By the way, throughout all of this, Santo, Percito, and Dr. Sepulveda are watching all of the action transpire on a black and white television that somehow allows them to watch things that happened in a distant, pre-technological age. In other words, this means that Santo is sitting on his ass watching the first half of El Vampiro y El Sexo roll perplexingly by just like we are. Unlike us, though, Santo is a man of action, and events ultimately take a turn that demand his involvement. This occurs as El Vampiro y El Sexo continues to follow the template set by the original Dracula, with Professor Van Roth preparing to put a stake through the vampirized Luisa’s heart.

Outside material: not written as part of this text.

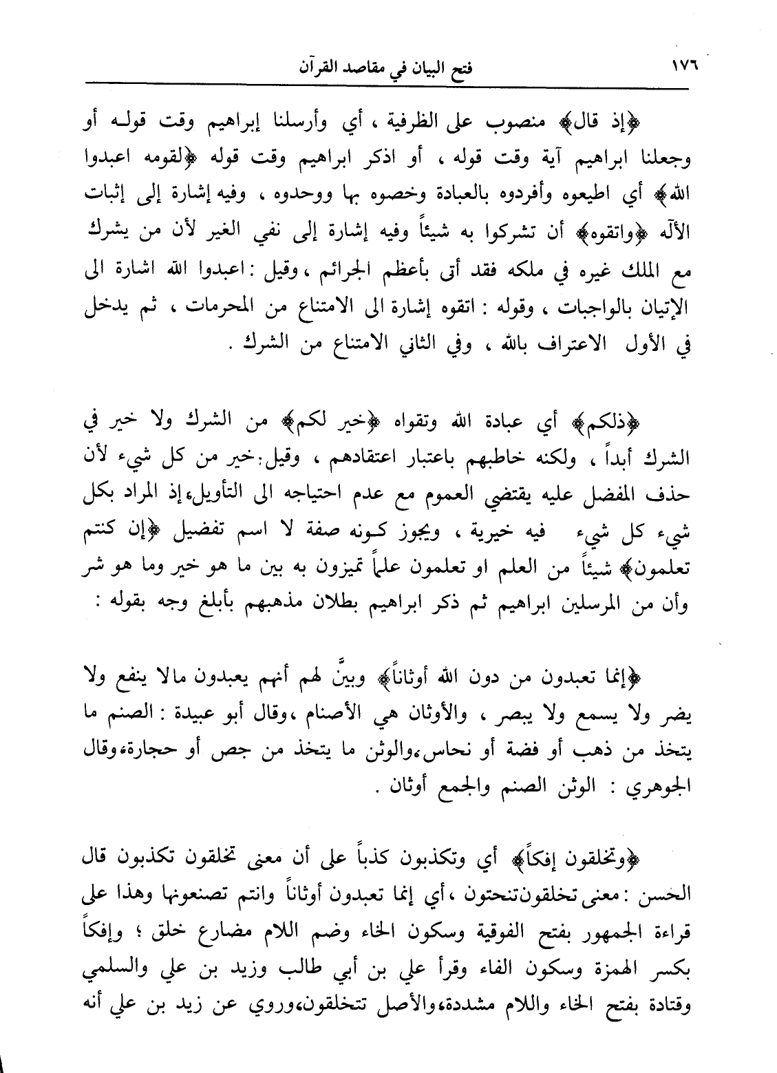 (إنما تعبدون من دون الله أوثاناً) وبيَّن لهم أنهم يعبدون ما لا ينفع ولا يضر ولا يسمع ولا يبصر، والأوثان هي الأصنام، وقال أبو عبيدة: الصنم ما يتخذ من ذهب أو فضة أو نحاس: والوثن ما يتخذ من جص أو حجارة، وقال الجوهري: الوثن الصنم والجمع أوثان.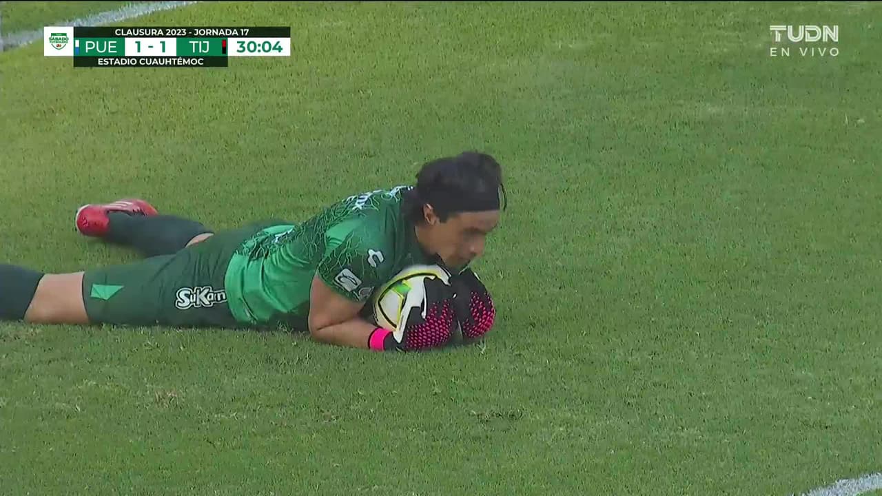 Tiro atajado raso al centro del arco. Ángel Robles (Puebla) zurdazo desde fuera del área.

Santo zaps her back into the present day post haste, freeing up the film to become a more prosaic Santo adventure for most of its remaining running time.

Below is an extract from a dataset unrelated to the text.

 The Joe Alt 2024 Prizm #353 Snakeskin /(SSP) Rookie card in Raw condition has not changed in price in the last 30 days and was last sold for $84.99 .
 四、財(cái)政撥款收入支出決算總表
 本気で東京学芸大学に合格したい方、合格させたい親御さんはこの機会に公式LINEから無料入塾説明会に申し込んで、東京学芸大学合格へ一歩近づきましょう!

From here on out, Santo becomes locked on the idea of uncovering the vast ancestral treasure he heard Dracula speak of during the time he was just watching El Vampiro y El Sexo on TV (and, to his credit, he admits that part of his reason for wanting to do this is to prove to those asshole scientists at the beginning of the movie that he was right). The key to finding it are coded symbols found on a medallion and ring that adorn Dracula’s corpse, which complicate things once a mysterious figure called the Black Hood ends up in possession of the ring. It turns out, however, that one of the Black Hood’s minions is a wrestler by the name of Atlas (Victor Manuel Gonzales), and the two sides agree to settle the matter in the ring. This leads to one of the rare instances in which an elongated wrestling sequence in a Santo movie actually moves its plot forward. Once the matter is settled, Dracula briefly returns to touch on Noelia Noel’s boobs a bit more before being vanquished.

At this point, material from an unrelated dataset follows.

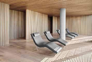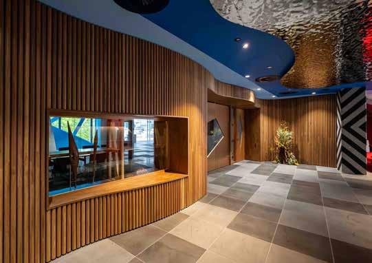 A major contributor to the seaside theme was the use of natural wood veneer indoors, while tongue and groove engineered timber flooring in the day spa and exercise rooms, and timber cladding outdoors, helped the project to blend with the undulating landscape.

My understanding is that among the final hurdles to us all basking in the glory that is El Vampiro y El Sexo were the legal efforts of Santo’s son, El Hijo del Santo, who feared that the film, if unearthed, would besmirch his dad’s good name. While I respect his sense of filial duty, having seen the film, I don’t think he has that much to worry about. For one thing, at no point in the film does Santo appear in any actual proximity to a naked woman, making it conceivable -- although I don’t know how likely – that the edits could even have been made without his knowledge. Secondly, when compared to the more conspicuously sleazy Night of the Bloody Apes, El Vampiro y El Sexo comes off as relatively innocent, replacing that film’s troubling misogyny with an adolescent boob fixation that is at worst a little annoying and embarrassing coming from grown men.


As for me, while calking some of the cracks in my Santo scholarship, finally seeing El Vampiro y El Sexo didn’t turn out to be much of a touchstone event, though I’m nonetheless glad to have it behind me. Granted, more such lucha films turned sexo are rumored to exist, which means I might be treading this ground again sooner than good sense would recommend.

1 comment:

Darius Whiteplume said...

I just noticed this one on YouTube while trying to find "Santo contra los Monstrous" (which seems to have vanished from there). Nice review. I'll have to come back, as no halbla Español. I like to see how much I can figure out by context.